What if we did a conference for (and perhaps by) the segment of the population that's getting left the furthest behind and we featured all of us talking heads that usually talks to ourselves?

Here's the idea:

In conjunction with public schools, non-profits, etc. we get a bunch of inner city kids to attend a conference loosely about the future... their future.... and additionally, our future, because they are a big part of the youth of America.  Think Larry and Sergey in a discussion group with some kids from Mott Haven in the Bronx.  Let's get them understanding what Google is as a business, but also have them understand who built it, why, how and what it took as people to get it off the ground.  At the same time, Larry and Sergey should learn about what the lives of these kids are like... hear the stories of friends lost to drugs or violence.  Let's get these kids blogging the conference... and boost some of them up the Feedster 500.  We'll put the smartest people we know together with the students who know the most about that world... because they live it everyday.  How about some collaborative panels?   Maybe Bill Gates could create a presentation together with a 15 year old single mom about...  I don't know...  maybe just parenting.  We could have workshops aimed at answers, roadmaps, how to's, etc.  Let's talk about how to get the underprivilaged youth of America back on track, but not just back on track, but winning the race.  What will it take for some kid to grow up coding in the projects and creating something that not only lifts him up, but lifts his peers as well.
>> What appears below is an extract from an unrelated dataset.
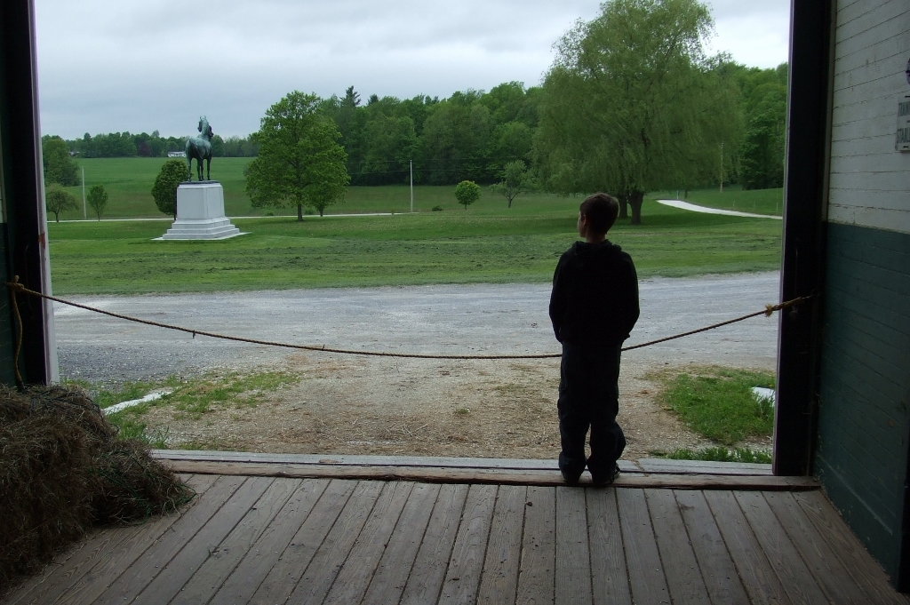 Frank looking out of the UVM barn at Figure's (Justin Morgan) statue.

And everyone donates their time and effort.  The venue donates the space.  The speakers donate their knowledge and time, etc.  Perhaps we do it with multiple industries over time.  We could do 6 conferences...  one on tech, one on media, one on education.....  who knows.

Here are some of my questions:

Does the idea hold water?   Is it too extreme and will their be too much culture clash to get anything done or any understanding?  Who best to speak?  Does it make sense to narrow it by industry?